**TASK STATEMENT**
Starting at the first line of the listing below, retype each line up to and including the one that contains "استقبلت سها جندى". Leave pictures out.

**COLLECTED DATA**

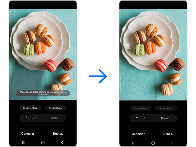Borra fácilmente las sombras o los reflejos que se detectan automáticamente con solo pulsar un botón.
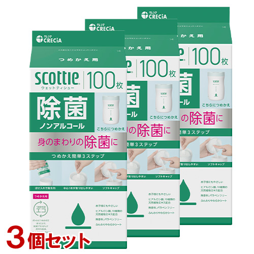 ウェットティッシュ スコッティ ウェットティシュー 除菌 ノンアルコール 詰替用100枚×3個セット scottie 日本製紙クレシア(Crecia)【送料込(北海道除く)】
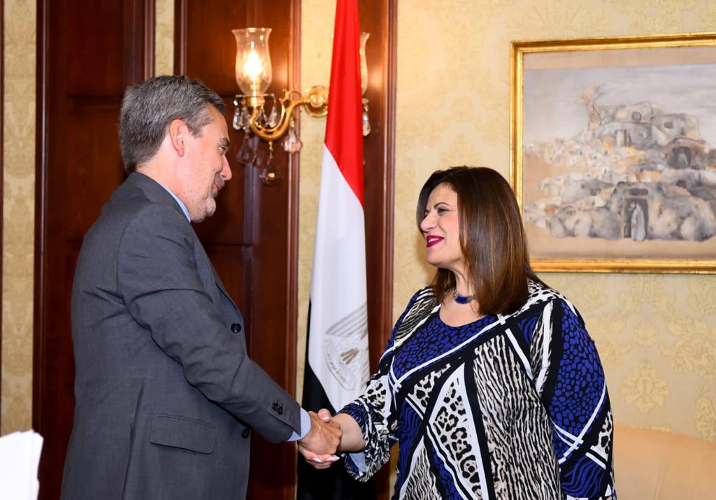 استقبلت سها جندى وزيرة الهجرة ميكيلي كواروني، سفير إيطاليا لدى مصر، والوفد المرافق له.
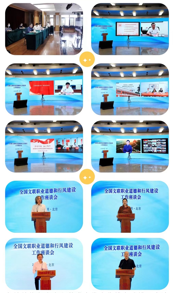 5月31日,全國文聯職業道德和行風建設工作座談會以線上線下相結合的方式召開。這是中國文聯首次召開職業道德和行風建設全國性專題會議,旨在深入學習貫徹習近平總書記在中國文聯十一大、中國作協十大開幕式上的重要講話精神,貫徹落實中宣部文娛領域綜合治理工作部署,對全國文聯行風建設及文娛領域綜合治理工作進行階段性回顧,對當前和今后一個時期職業道德和行風建設工作作進一步部署,以更加務實的舉措、更加積極的行動,引導廣大文藝工作者自覺追求德藝雙馨,營造山清水秀的文藝生態。

**RESULT FOR THIS TASK**
Borra fácilmente las sombras o los reflejos que se detectan automáticamente con solo pulsar un botón.
 ウェットティッシュ スコッティ ウェットティシュー 除菌 ノンアルコール 詰替用100枚×3個セット scottie 日本製紙クレシア(Crecia)【送料込(北海道除く)】
 استقبلت سها جندى وزيرة الهجرة ميكيلي كواروني، سفير إيطاليا لدى مصر، والوفد المرافق له.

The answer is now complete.